-------- Data excerpt --------
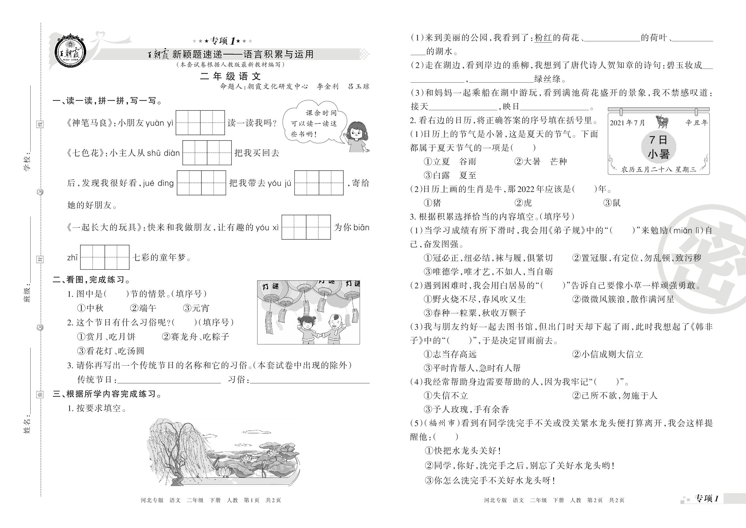 王朝霞期末专项卷——语言积累与运用、句子与口语交际真题归类复习二年级下册语文(人教版)_R21080163853【0】
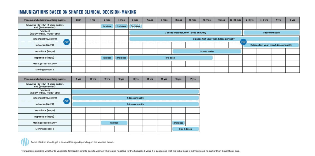 The immunizations based on shared clinical decision-making are for rotavirus, COVID-19, influenza, meningococcal disease, hepatitis A, and hepatitis B.
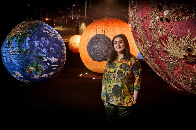 سارا شکيل، هنرمند پاکستاني-بريتانيايي، در پروژهي The Jewel System با تلفيق هوش مصنوعي و سوزندوزي سنتي آسياي جنوبي، منظومه شمسي را به شکل يک کهکشان پرزرقوبرق بازآفريني کرده است.
--------
What to produce: Output all of the data word for word, excluding any pictures.

Result for this task:
 王朝霞期末专项卷——语言积累与运用、句子与口语交际真题归类复习二年级下册语文(人教版)_R21080163853【0】
 The immunizations based on shared clinical decision-making are for rotavirus, COVID-19, influenza, meningococcal disease, hepatitis A, and hepatitis B.
 سارا شکيل، هنرمند پاکستاني-بريتانيايي، در پروژهي The Jewel System با تلفيق هوش مصنوعي و سوزندوزي سنتي آسياي جنوبي، منظومه شمسي را به شکل يک کهکشان پرزرقوبرق بازآفريني کرده است.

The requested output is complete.